I'd note that when it comes to using a blend of tallow and lard, Use a little more lard than tallow if you want some bubbles. I'd have to look through notes but I believe that things can get a little weird when you play with the lard:tallow ratios in a recipe.


----------



## DeeAnna (Jul 21, 2017)

Tallow adds hardness -- and even brittleness as the % goes up. It also increases the bubbly lather and the cleansing. I have used tallow at 30% and higher, but I prefer recipes with 10% to 20% tallow with the main solid fat being lard. I reduce the coconut oil a bit to keep the "cleansing" number (myristic + lauric acids) to the range I prefer, and include a high oleic oil (olive, HO sunflower, avocado, etc) in a modest % for good solubility and nice lather.

I don't consider tallow to be a necessity for a mild, long lasting, hard bar, but I occasionally get beef fat from friends.

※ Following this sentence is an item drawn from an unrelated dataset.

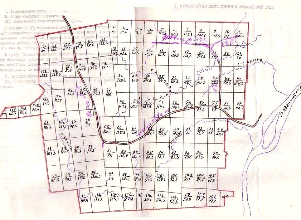 «Схематическая карта дороги и лесосырьевой базы» (из «паспорта Козьминской узкоколейной железной дороги»).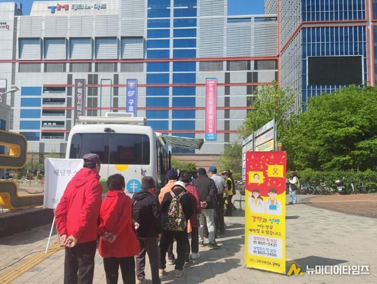 구로구가 10월 18일 오전 10시부터 오후 12시까지 신도림역 2번 출구에 위치한 무료 급식소 사랑의 집에서 이동검진 차량을 활용한 ‘찾아가는 결핵 검진’을 실시한다.

When I do, I render it and use it to make soap.


----------



## Dahila (Jul 21, 2017)

The Efficacious Gentleman said:


> Many people like a mix of lard and tallow.  Could be worth a try



I do ie 25 lard, 15 tallow,35/25,   I find it very satisfying with hardness and they are very mild


----------



## Primrose (Oct 23, 2017)

Hey guys, I wanted to update this post and say that after 13 weeks it is no longer stripping, and really quite an enjoyable bar of soap! 

And to the person who said I bet that lard bar feels even better with more time ... yes indeed, I got some more out from that same batch the other day, so it is about 6 months old now, and it blew my socks off. Similarly a bastille bar that was rubbish at 8 weeks, ok at 12 weeks finally feels like a nice bar of soap at 6 months. 

I'm definitely enjoying learning about how important aging is. 

Life has been in the way of soap making for the last few months but I'm back at it again and have a few variations on the tallow recipe planned, along the lines of what you've mentioned, increasing the superfat in one, decreasing the coconut oil in another, and trying a combination of lard and tallow. I'll let you know how it goes!


----------



## cmzaha (Oct 23, 2017)

My favorite recipe uses tallow/lard 45/25% with Coconut oil/PKO 8/7%


----------